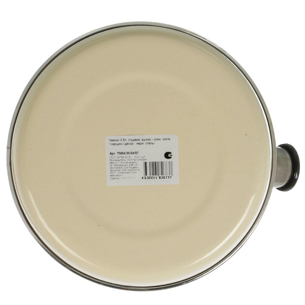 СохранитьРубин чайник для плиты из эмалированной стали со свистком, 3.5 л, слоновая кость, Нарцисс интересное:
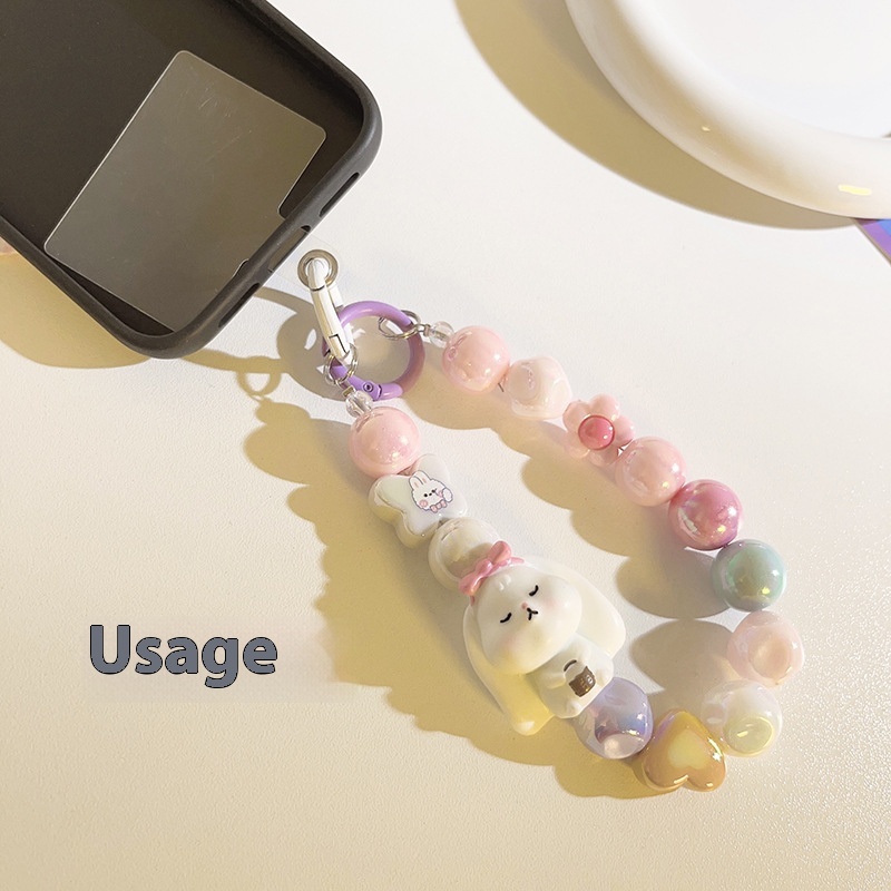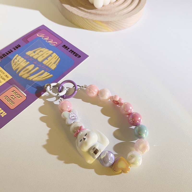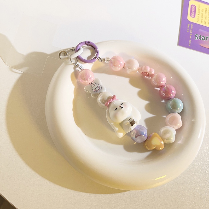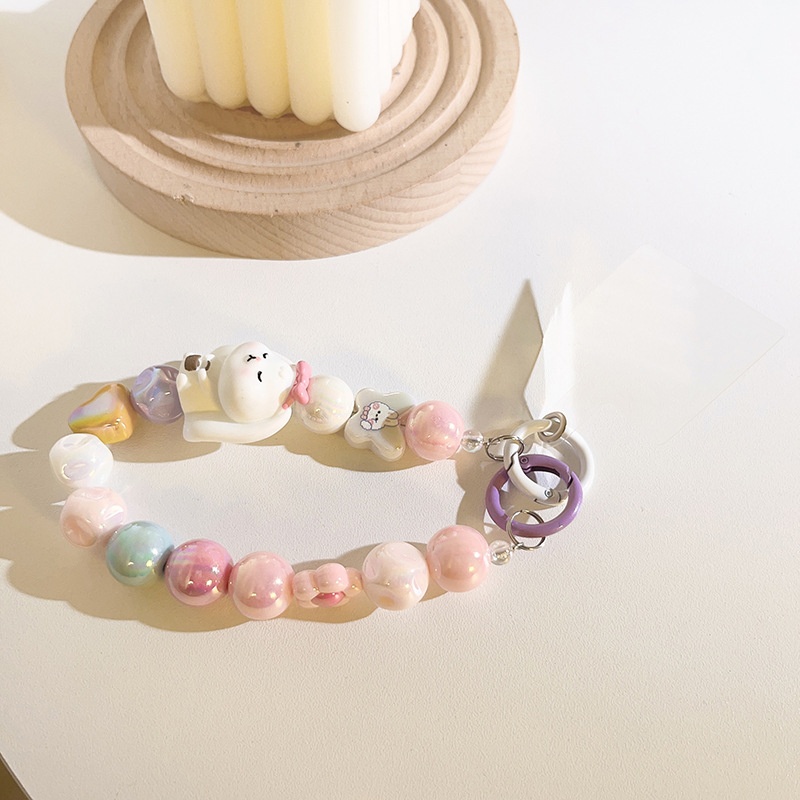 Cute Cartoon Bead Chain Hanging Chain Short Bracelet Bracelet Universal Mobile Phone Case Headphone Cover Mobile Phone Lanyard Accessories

==

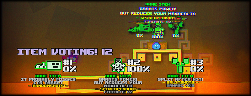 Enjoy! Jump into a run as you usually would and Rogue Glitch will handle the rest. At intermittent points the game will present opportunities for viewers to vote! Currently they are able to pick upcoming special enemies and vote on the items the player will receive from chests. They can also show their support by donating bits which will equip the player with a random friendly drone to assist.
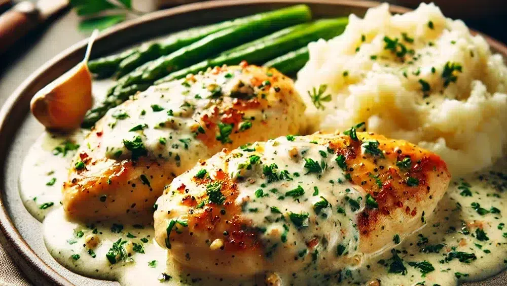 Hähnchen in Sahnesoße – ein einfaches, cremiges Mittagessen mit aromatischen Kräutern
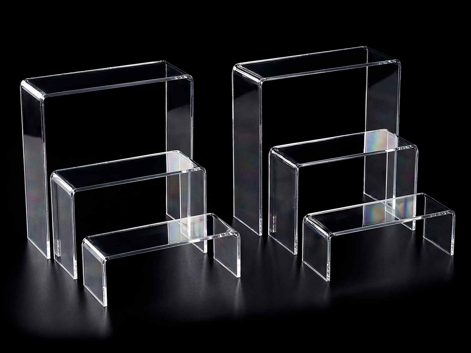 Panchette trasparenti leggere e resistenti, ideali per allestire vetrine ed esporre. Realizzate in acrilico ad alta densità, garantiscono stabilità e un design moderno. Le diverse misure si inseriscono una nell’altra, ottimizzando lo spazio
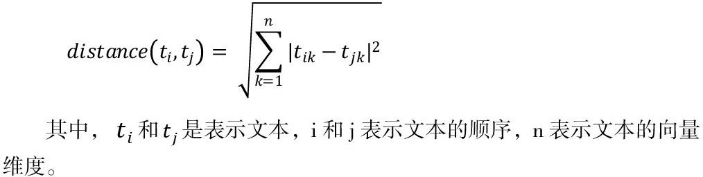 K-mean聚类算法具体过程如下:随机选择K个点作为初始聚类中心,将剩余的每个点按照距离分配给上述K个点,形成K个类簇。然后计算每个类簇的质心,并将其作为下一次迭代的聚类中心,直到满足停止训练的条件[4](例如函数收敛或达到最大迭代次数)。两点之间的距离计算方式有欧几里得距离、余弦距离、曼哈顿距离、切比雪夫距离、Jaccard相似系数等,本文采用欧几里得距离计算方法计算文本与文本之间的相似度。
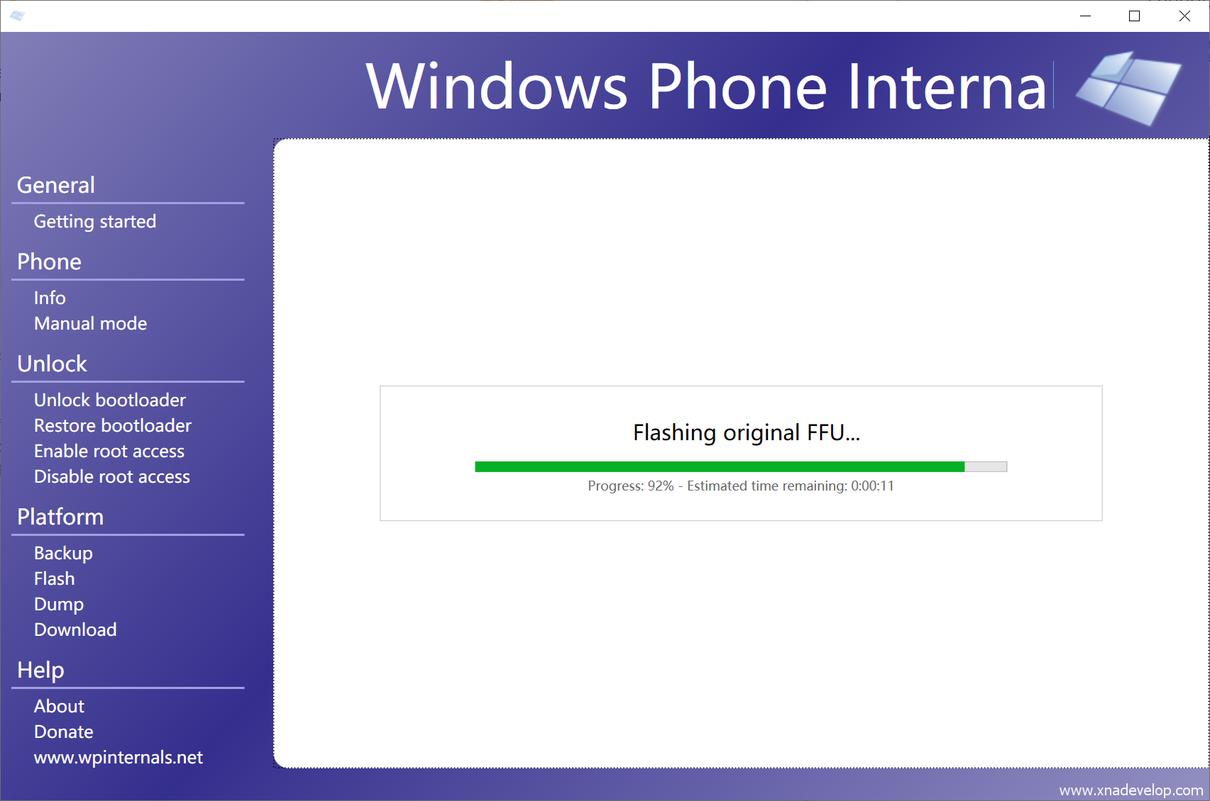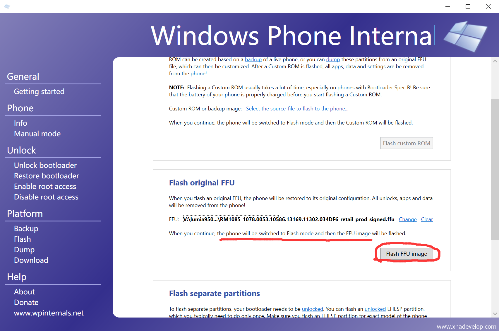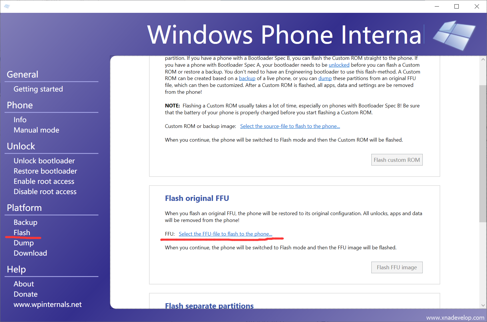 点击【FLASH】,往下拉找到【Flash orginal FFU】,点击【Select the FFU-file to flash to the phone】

---

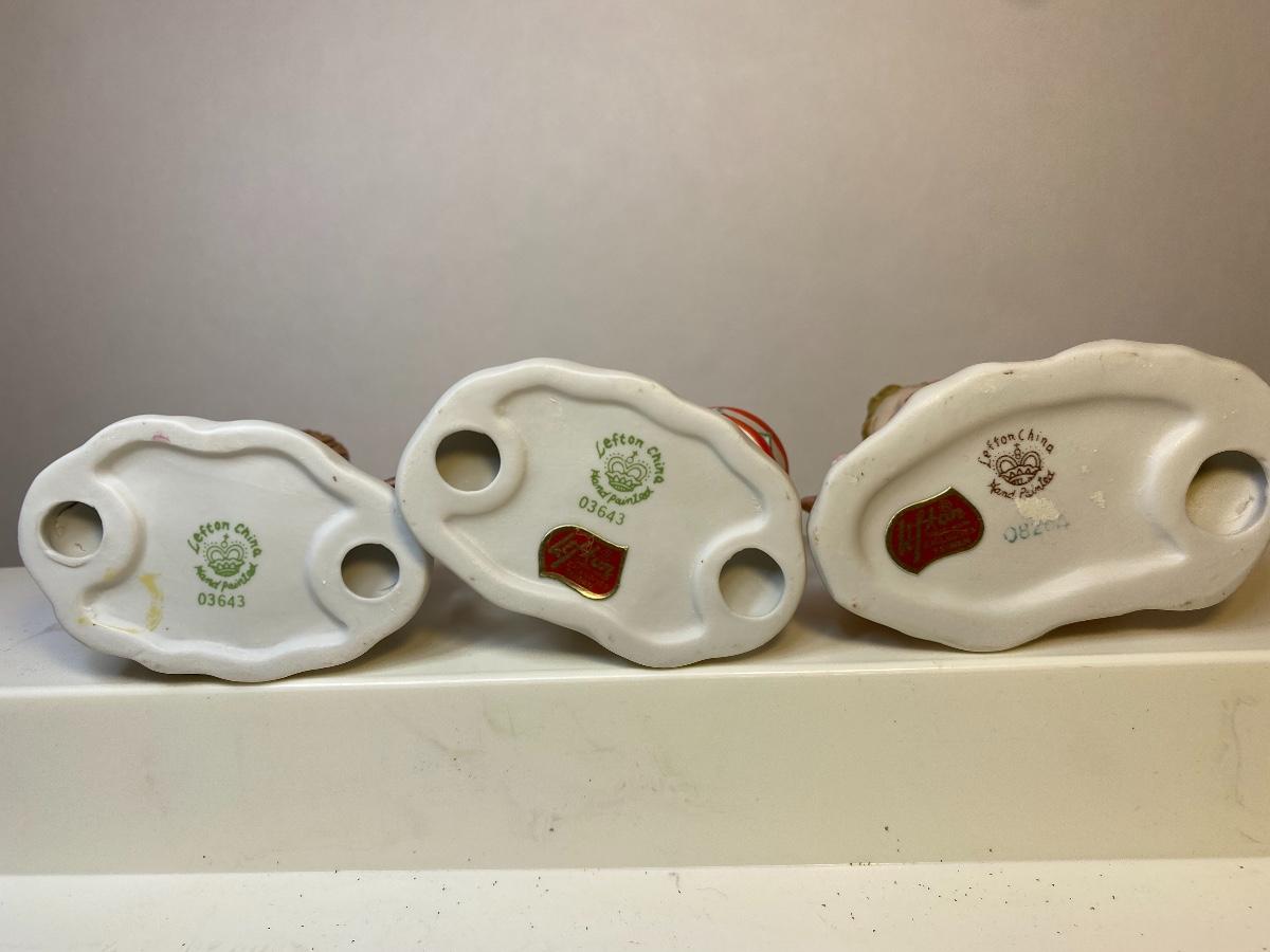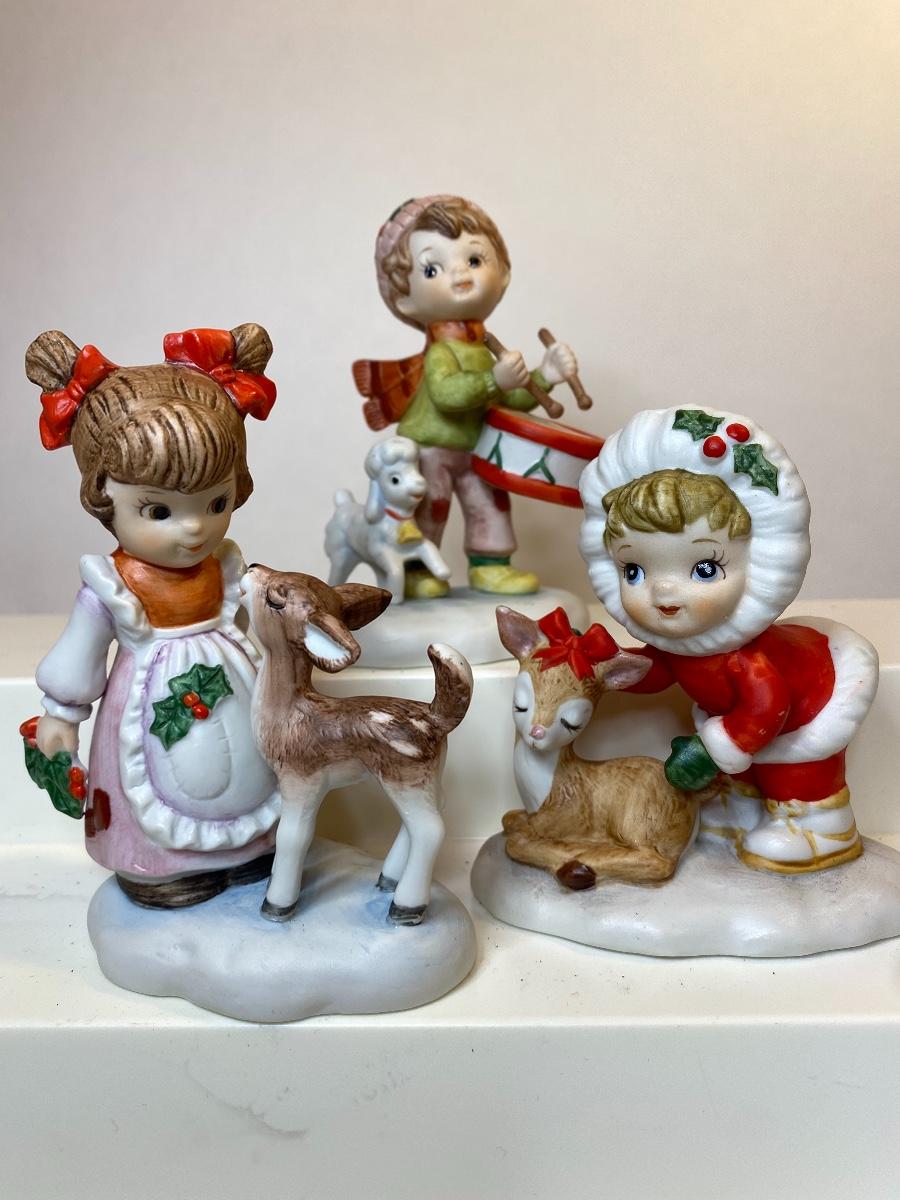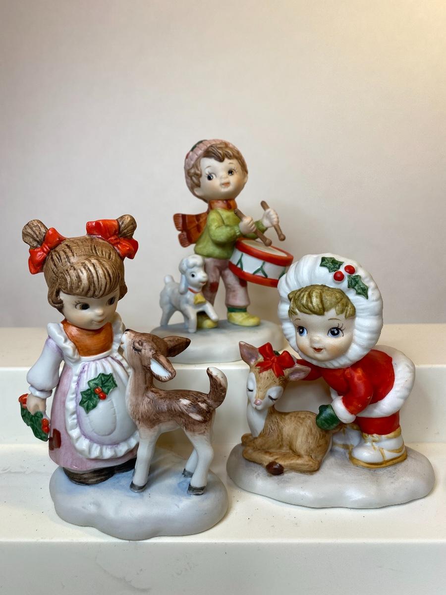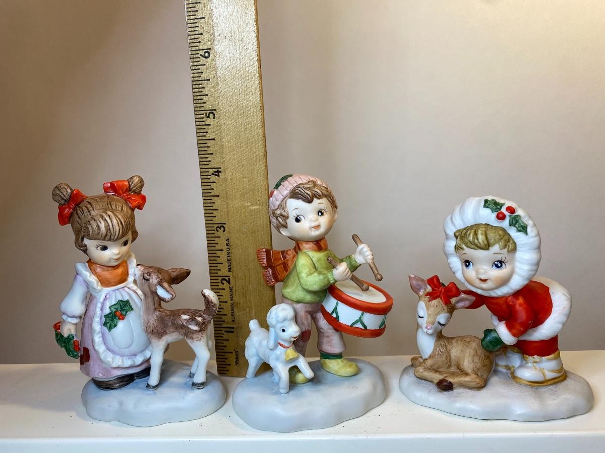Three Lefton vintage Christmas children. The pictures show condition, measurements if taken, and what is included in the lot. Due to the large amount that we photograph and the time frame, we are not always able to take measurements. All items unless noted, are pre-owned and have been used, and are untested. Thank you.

PROBLEM DETAILS:
With pictures omitted, repeat the entries above word for word from the line holding "Hähnchen in Sahnesoße" down to the line holding "Panchette trasparenti leggere", keeping both of those lines.

ANSWER BOX:
 Hähnchen in Sahnesoße – ein einfaches, cremiges Mittagessen mit aromatischen Kräutern
 Panchette trasparenti leggere e resistenti, ideali per allestire vetrine ed esporre. Realizzate in acrilico ad alta densità, garantiscono stabilità e un design moderno. Le diverse misure si inseriscono una nell’altra, ottimizzando lo spazio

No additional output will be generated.